- [Dataset extract]:
◆ ◆ ◆

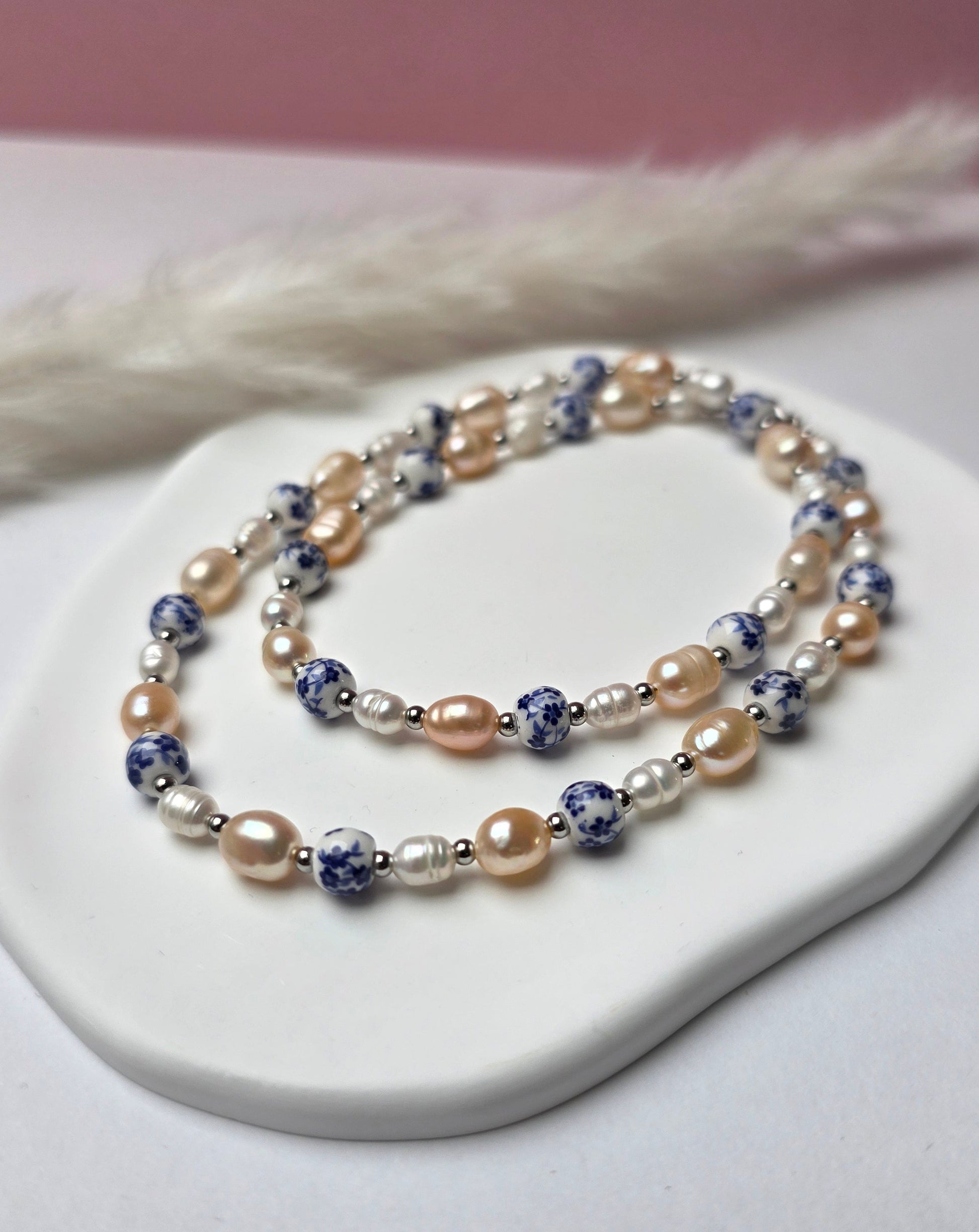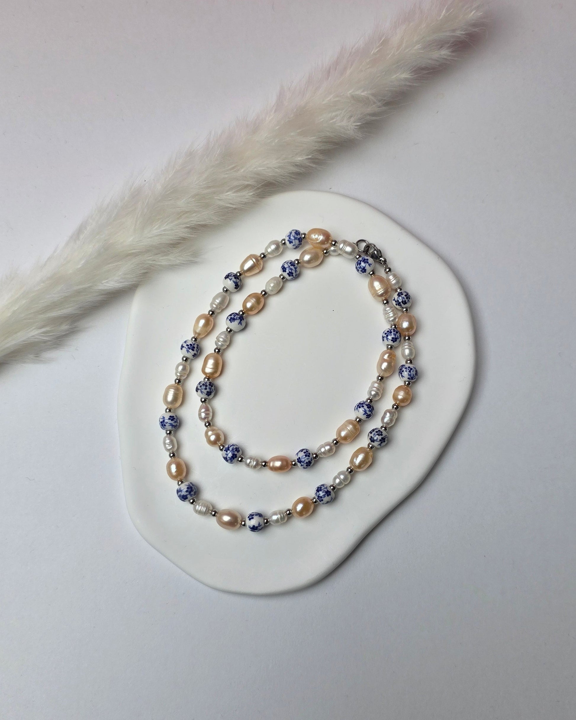 Blau-weiße florale Vintageperlen treffen auf weiße und roséfarbene Perlen und wechseln sich entlang der Kette verspielt ab.
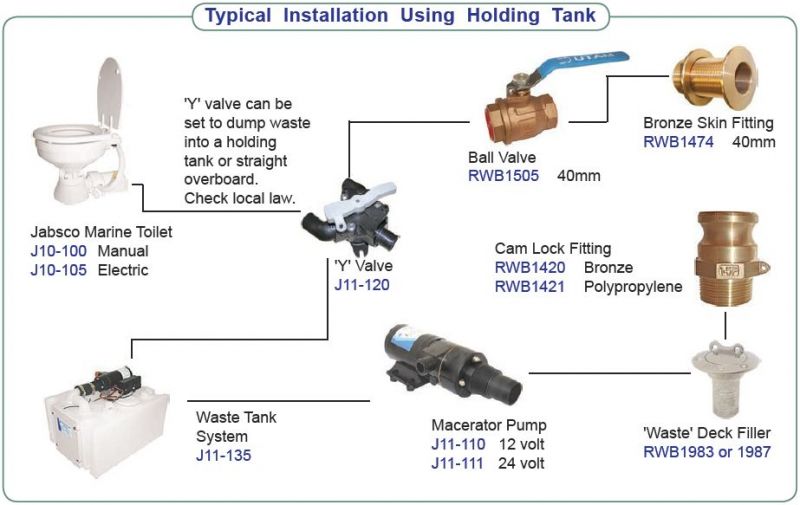 Salt Water Flush Models - Includes a silent running, remote mounted, self-priming Jabsco electric diaphragm pump to bring in ocean salt water to rinse the bowl. Includes a pump-guard strainer and touch pad control.
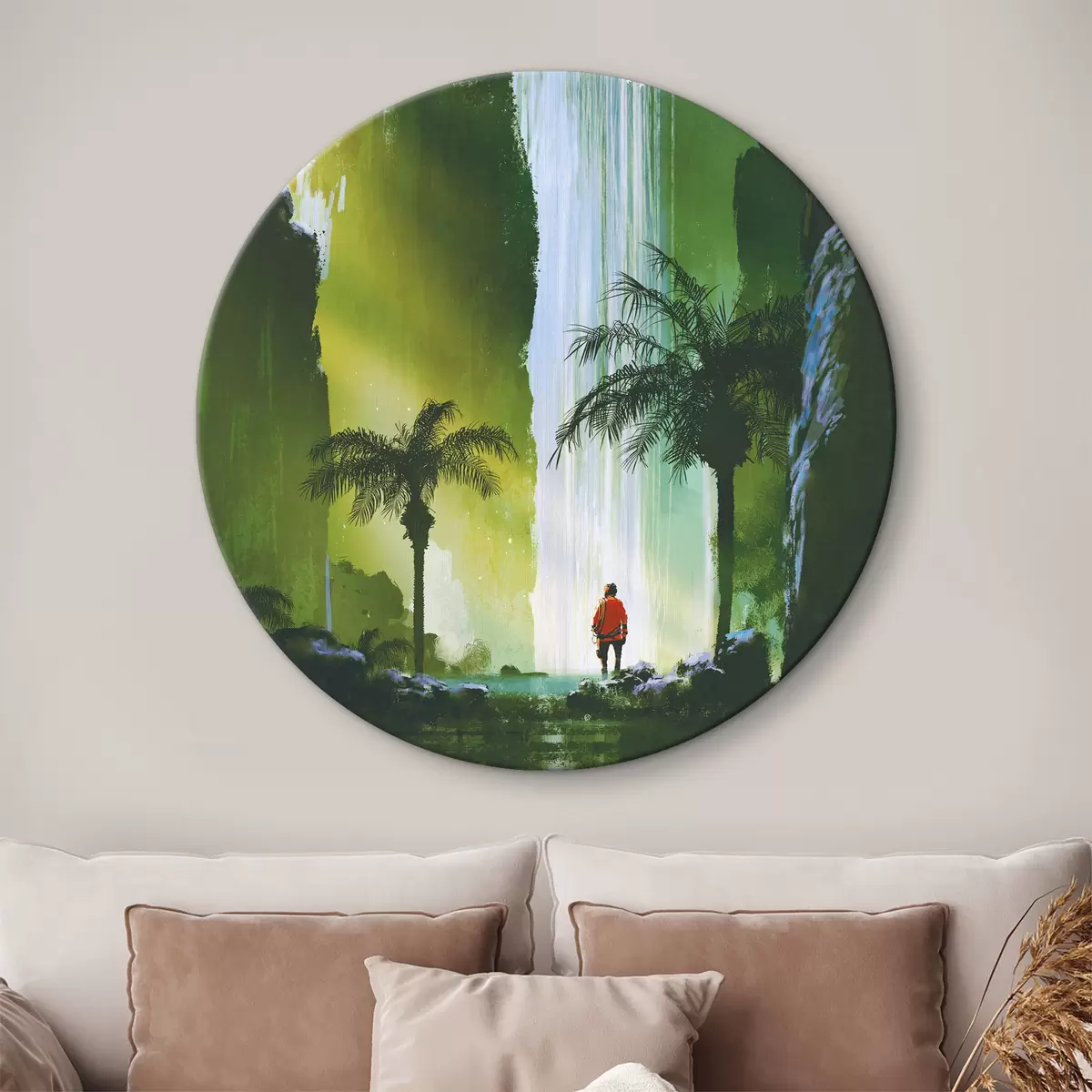 Tableaux rondes Un homme se promenant dans la forêt avec une chute d'eau r37080
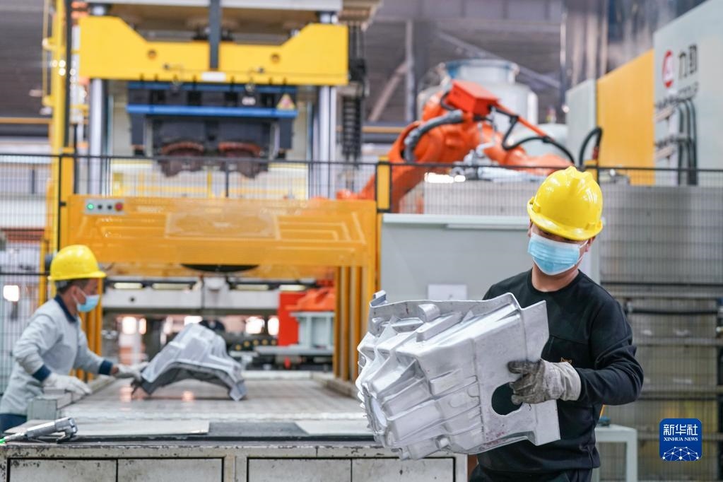 11月7日,在安徽省馬鞍山市含山縣輝晗精密機(jī)械有限公司,工人在壓鑄生產(chǎn)線上工作。新華社記者 劉軍喜 攝
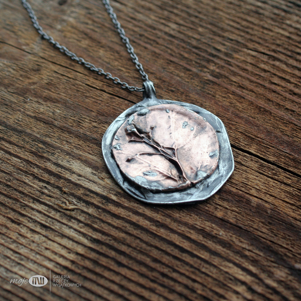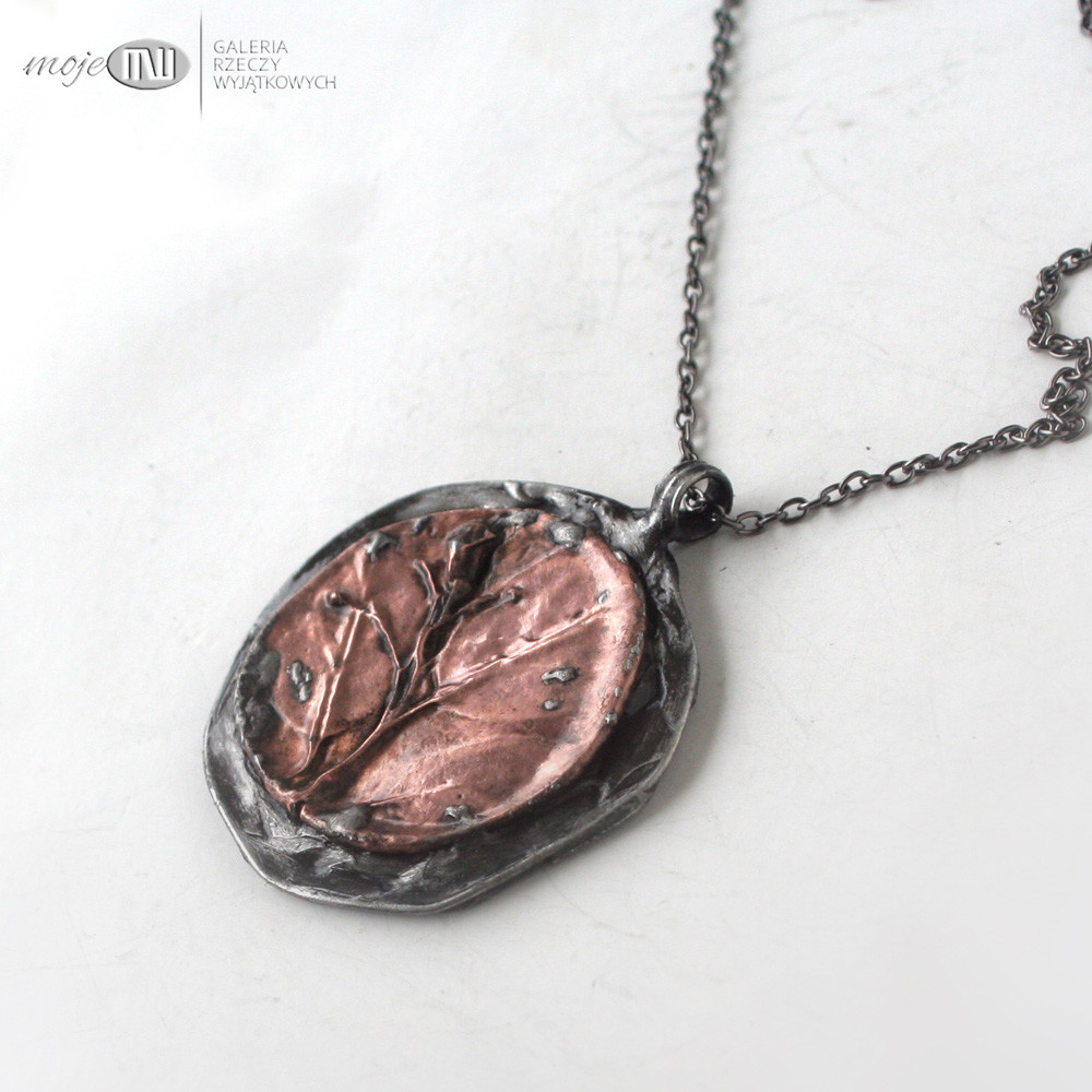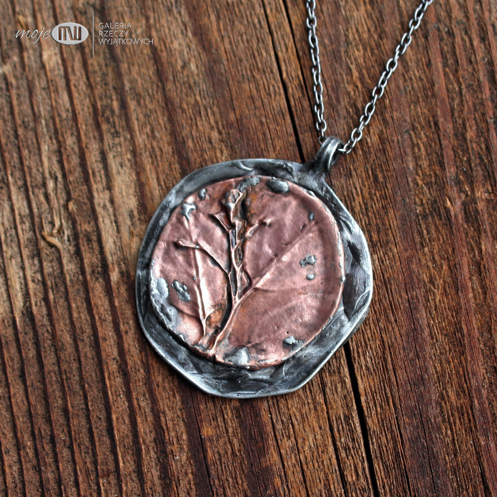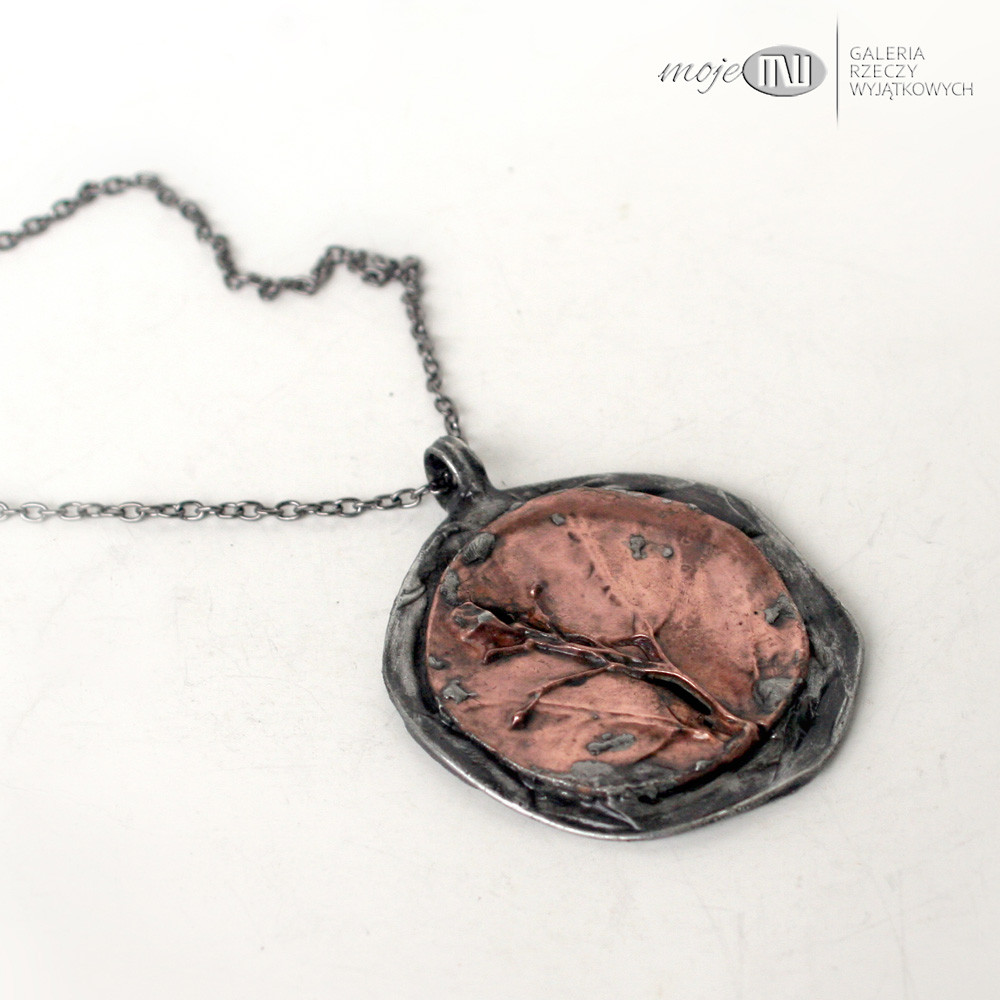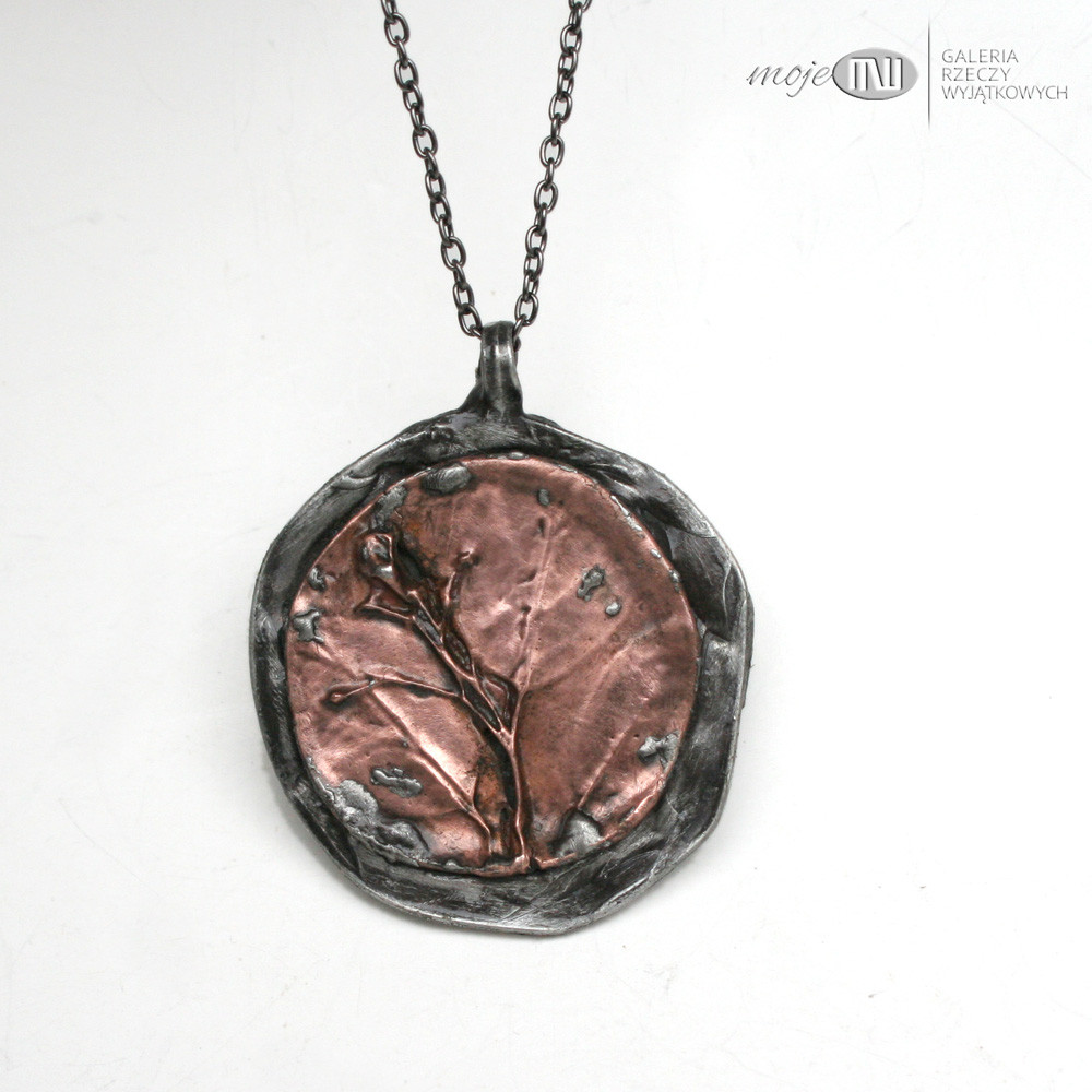 Wisior z wizerunkiem polej roślinki z ręcznie formowanej miedzianej glinki, którą potem wypaliłam w temperaturze 970 stopni C. Ozdobny element został umieszczony na miedzianej blasze pokrytej cyną, patynowanej i przecieranej dla wydobycia drobnych detali. Wisior zawieszony jest na łańcuszku w kolorze grafitowym - zazwyczaj dodaję łańcuszek o długości ok. 60-70 cm, ale klient może podać długość, która go interesuje.

◆ ◆ ◆

- [What is required]: Exact repetition of all entries is required. The pictures should not appear.

- [Result for this task]:
 Blau-weiße florale Vintageperlen treffen auf weiße und roséfarbene Perlen und wechseln sich entlang der Kette verspielt ab.
 Salt Water Flush Models - Includes a silent running, remote mounted, self-priming Jabsco electric diaphragm pump to bring in ocean salt water to rinse the bowl. Includes a pump-guard strainer and touch pad control.
 Tableaux rondes Un homme se promenant dans la forêt avec une chute d'eau r37080
 11月7日,在安徽省馬鞍山市含山縣輝晗精密機(jī)械有限公司,工人在壓鑄生產(chǎn)線上工作。新華社記者 劉軍喜 攝
 Wisior z wizerunkiem polej roślinki z ręcznie formowanej miedzianej glinki, którą potem wypaliłam w temperaturze 970 stopni C. Ozdobny element został umieszczony na miedzianej blasze pokrytej cyną, patynowanej i przecieranej dla wydobycia drobnych detali. Wisior zawieszony jest na łańcuszku w kolorze grafitowym - zazwyczaj dodaję łańcuszek o długości ok. 60-70 cm, ale klient może podać długość, która go interesuje.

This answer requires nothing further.